KNews.id – Jakarta – Komisi Pemberantasan Korupsi (KPK) akan menelusuri dugaan korupsi pengadaan catering dan pemondokan haji 2025. Dugaan praktik tersebut dilaporkan oleh Indonesia Corruption Watch (ICW) pada Selasa, 5 Agustus 2025.
“Ini yang catering mungkin tidak hanya 2025, kita juga akan ngecek ke 2024, 2023, dan ke belakang seperti itu,” kata Pelaksana Tugas Deputi Bidang Penindakan dan Eksekusi KPK Asep Guntur Rahayu di Gedung Merah Putih KPK, Senin, 25 Agustus 2025.
Pada saat ini, laporan dugaan korupsi itu masih dalam tahap analisis di Direktorat Penerimaan Layanan Pengaduan Masyarakat (PLPM). Jika dugaan korupsi catering haji itu ditingkatkan ke penyelidikan, KPK akan lebih memfokuskan perhatian pada perkara tersebut.
KPK juga tengah mengusut dugaan penyelewengan kuota haji 2024 yang telah naik ke tahap penyidikan. Karena itu, KPK berharap dapat sekaligus menemukan informasi, keterangan, maupun dokumen soal pengadaan catering, pemondokan, dan hal lain yang berkaitan selama menangani perkara korupsi kuota haji tersebut. “Karena ini kan sudah berjalan untuk kuota hajinya. Di sini memang besar, triliunan,” ujar Asep.
Menurut peneliti ICW, Wana Alamsyah, dugaan korupsi penyelenggaraan haji 2025 telah merugikan negara sebesar Rp 306 miliar. “Dengan dugaan korupsi sekitar Rp 255 miliar dan juga pungutan atau pemerasan oleh salah satu pegawai negeri sebesar Rp 51 miliar,” kata Wana di Gedung Merah Putih KPK pada Selasa, 5 Agustus 2025.
Wana merinci, dugaan korupsi haji tersebut berkaitan dengan pengadaan catering makanan yang disajikan untuk jemaah haji selama berada di Tanah Suci. Berdasarkan hasil investigasi ICW, makanan atau konsumsi yang diberikan tidak sesuai dengan Peraturan Menteri Kesehatan Nomor 28 Tahun 2019, khususnya mengenai angka kecukupan energi.
“Idealnya individu itu membutuhkan kalori sekitar 2.100. Tapi rata-rata makanan yang diberikan oleh Kementerian Agama kepada jemaah haji itu berkisar 1.715 sampai 1.765 kalori,” kata Wana.
ICW juga menduga adanya pungutan sebesar 0,8 riyal terhadap setiap porsi konsumsi untuk jemaah haji.

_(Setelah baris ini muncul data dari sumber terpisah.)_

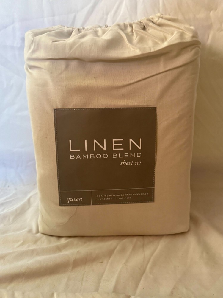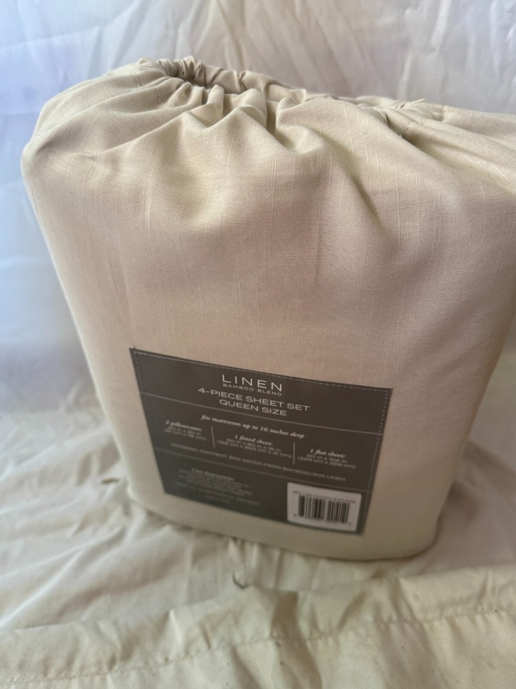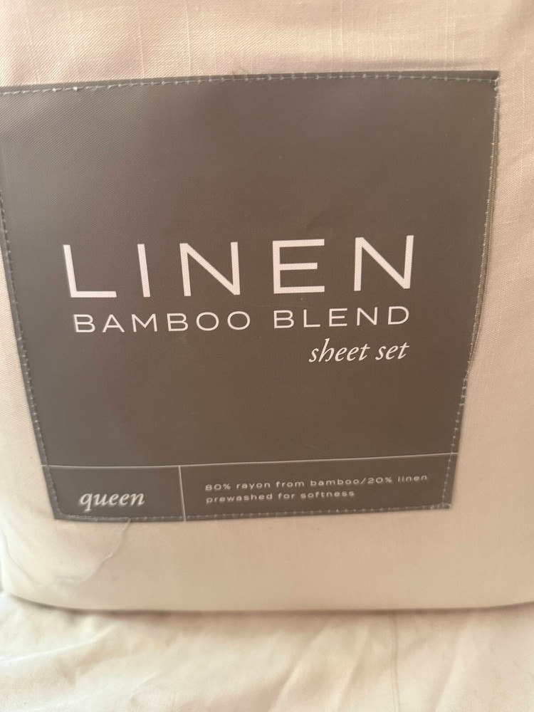 RETAIL PRICE $ 200 BEST PRICE GUARANTEED! This is guaranteed authentic. Brand: ienjoy Home Size: Queen Color: Beige Material: Linen Bamboo Condition: New with tags! 78x80 in Fitted sheet 108x102 in Flat Sheet Pillow Case 20x40 in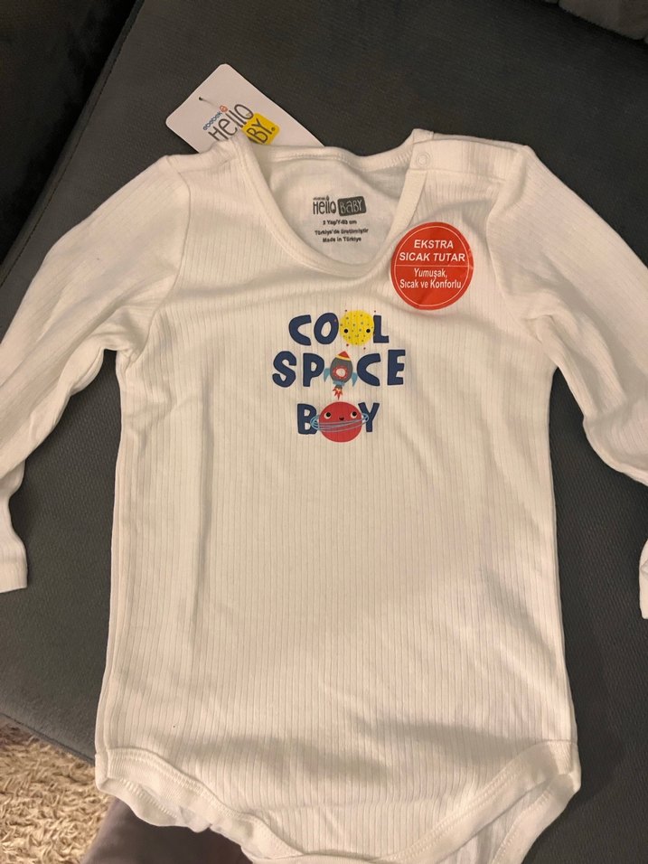 Yumuşak pamuktan uzun kollu beyaz bebek body, düğmeli ve eğlenceli baskılı desene sahip. Rahat ve sıcak tutar.
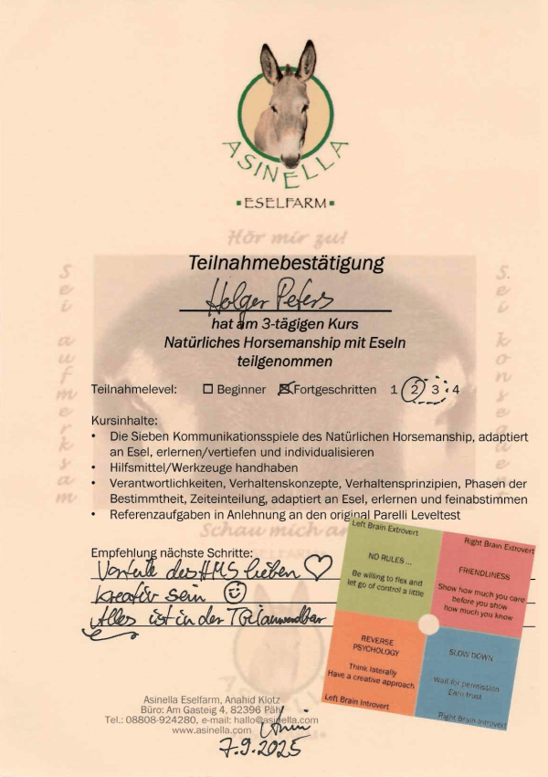 Diese Qualifikation bedeutet für mich vor allem eines: professionelle Weiterentwicklung, die meinen Eseln guttut – und damit auch allen Menschen, die ich in meiner tiergestützten Pädagogik begleite.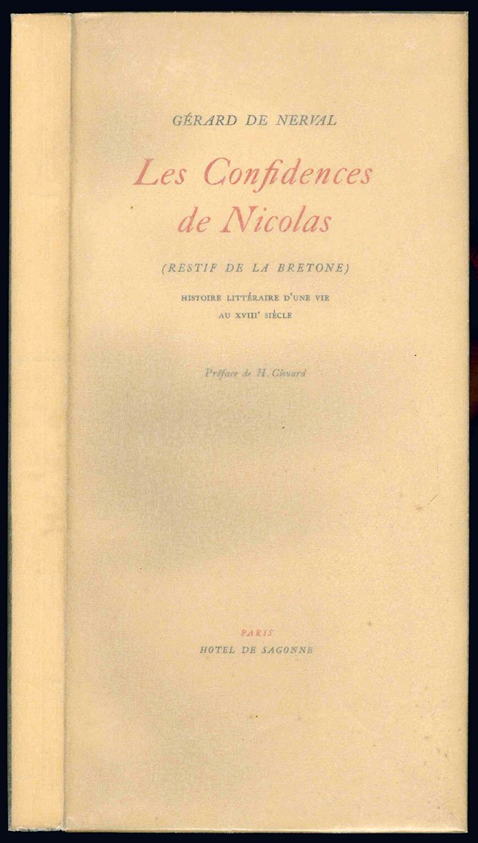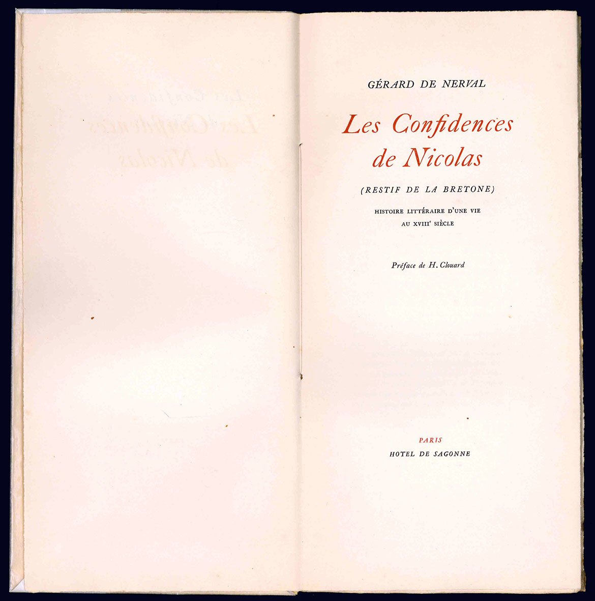 Les confidences de Nicolas. (Restif de la Bretone). Histoire littéraire d'une vie au XVIII siècle. Préface de H. Clouard.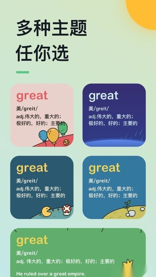 这里有多种主题可供你挑选,界面设计优雅大方,操作方式简洁明了,还有为你量身定制的记忆规划以及高效的抗遗忘策略,能帮助你真正掌握那些学习过的英语单词。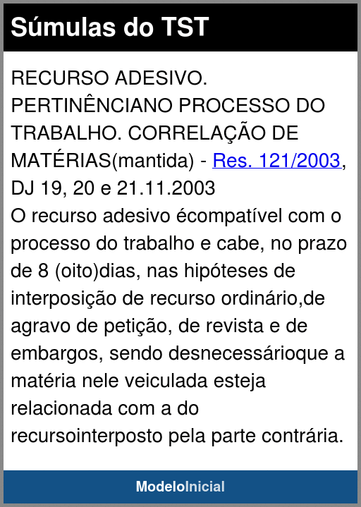 RECURSO ADESIVO. PERTINÊNCIANO PROCESSO DO TRABALHO. CORRELAÇÃO DE MATÉRIAS(mantida) - Res. 121/2003, DJ 19, 20 e 21.11.2003O recurso adesivo écompatível com o processo do trabalho e cabe, no prazo de 8 (oito)dias, nas hipóteses de interposição de recurso ordinário,de agravo de petição, de revista e de embargos, sendo desnecessárioque a matéria nele veiculada esteja relacionada com a do recursointerposto pela parte contrária.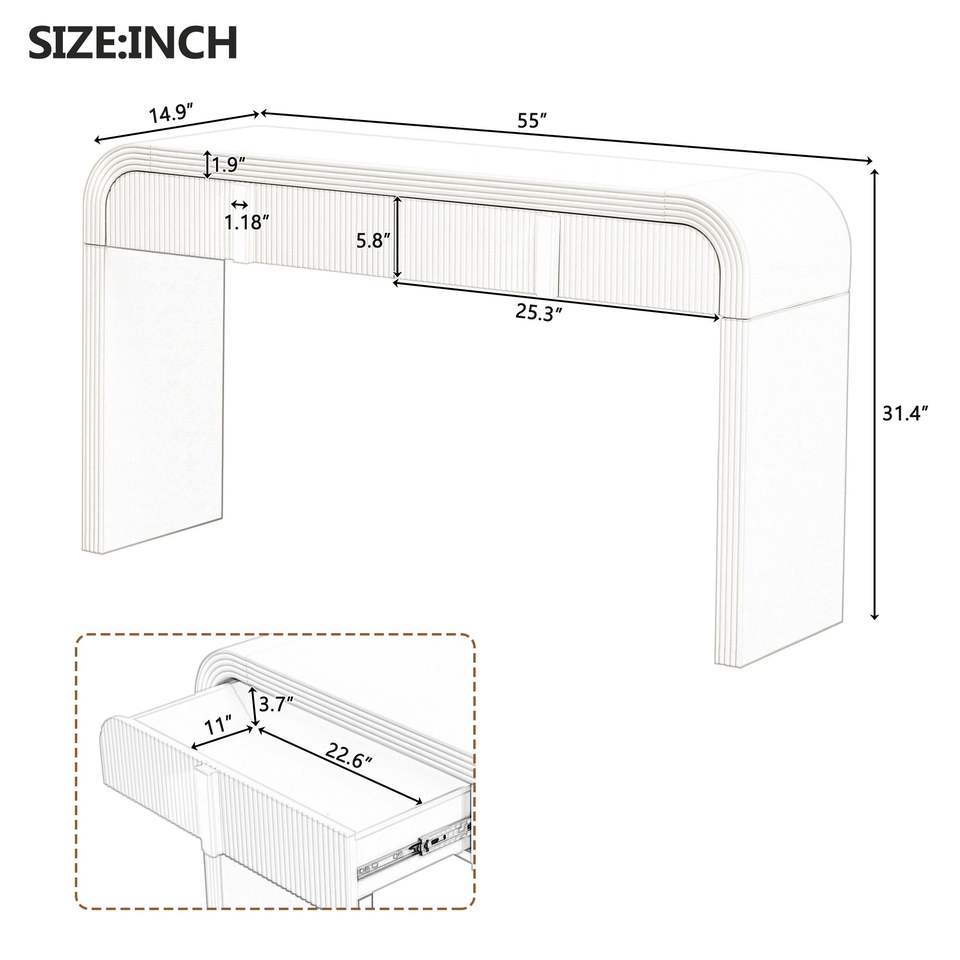 Consolle Moderna con Silhouette Arrotondata e 2 Cassetti, Superficie Liscia Unica per Soggiorno e Ingresso

Pemerintah mengalokasikan anggaran sebesar 40 riyal untuk setiap jemaah per hari, yang terdiri dari 10 riyal untuk sarapan, 15 riyal untuk makan siang, dan 15 riyal untuk makan malam.
“Dugaan pungutan yang dilakukan oleh pegawai negeri yang kami laporkan kepada KPK itu mendapatkan keuntungan sekitar Rp 51 miliar,” kata dia.
Selanjutnya, hasil investigasi ICW juga menemukan dugaan pengurangan spesifikasi makanan sebesar 4 riyal per porsi. Jika dikalkulasikan, potensi kerugian negara akibat pengurangan kualitas konsumsi tersebut diperkirakan mencapai Rp 255 miliar. Bila ditambah dengan dugaan pungutan oleh oknum pegawai negeri sebelumnya, total dugaan korupsi dalam kasus ini sekitar Rp 306 miliar.
“Telah terjadi sejumlah kasus korupsi yang dilakukan atau yang dialami oleh Kementerian Agama, tapi hingga saat ini prosesnya tidak ada perbaikan dan tidak ada evaluasi,” ujarnya.